Recorded data:
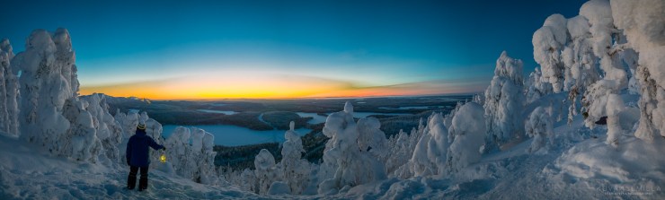 Värejä voi löytyä ”valmiina” maisemasta tai voit luoda niitä itse. Alla olevassa panoraamassa auringonlaskuun katsova poika ja lyhty tuovat tunteikkaan lisäelementin valkoisen lumen keskelle.
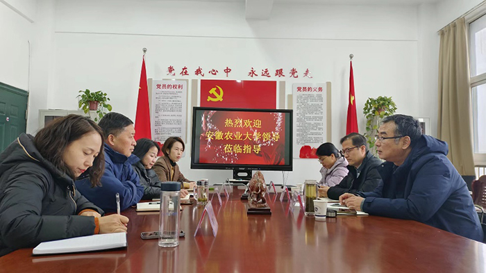 本网讯 1月3日,安徽农业大学经济管理学院党委副书记、纪委书记周涛,副院长田涛及商务管理系教工党支部书记一行三人到安徽水利水电职业技术学院对专本联培电子商务专业学生日常管理服务和教育教学工作进行了调研。安徽水利水电职业技术学院管理工程学院院长汪允文、副院长肖金花、商贸系主任耿翠花、副主任马俊与学院一行座谈研讨。
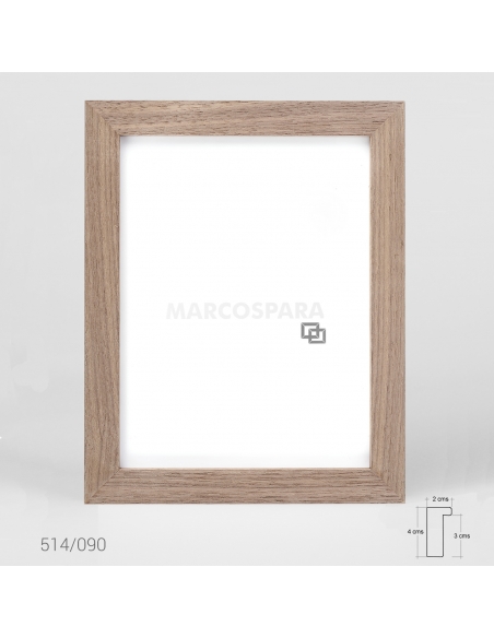 Marco de madera tipo caja de 2cms de frontal y 4cm de profundidad, disponible en color roble, haya, maple y nogal.

Work order:
Output all the material verbatim, skipping every image.

Task response:
 Värejä voi löytyä ”valmiina” maisemasta tai voit luoda niitä itse. Alla olevassa panoraamassa auringonlaskuun katsova poika ja lyhty tuovat tunteikkaan lisäelementin valkoisen lumen keskelle.
 本网讯 1月3日,安徽农业大学经济管理学院党委副书记、纪委书记周涛,副院长田涛及商务管理系教工党支部书记一行三人到安徽水利水电职业技术学院对专本联培电子商务专业学生日常管理服务和教育教学工作进行了调研。安徽水利水电职业技术学院管理工程学院院长汪允文、副院长肖金花、商贸系主任耿翠花、副主任马俊与学院一行座谈研讨。
 Marco de madera tipo caja de 2cms de frontal y 4cm de profundidad, disponible en color roble, haya, maple y nogal.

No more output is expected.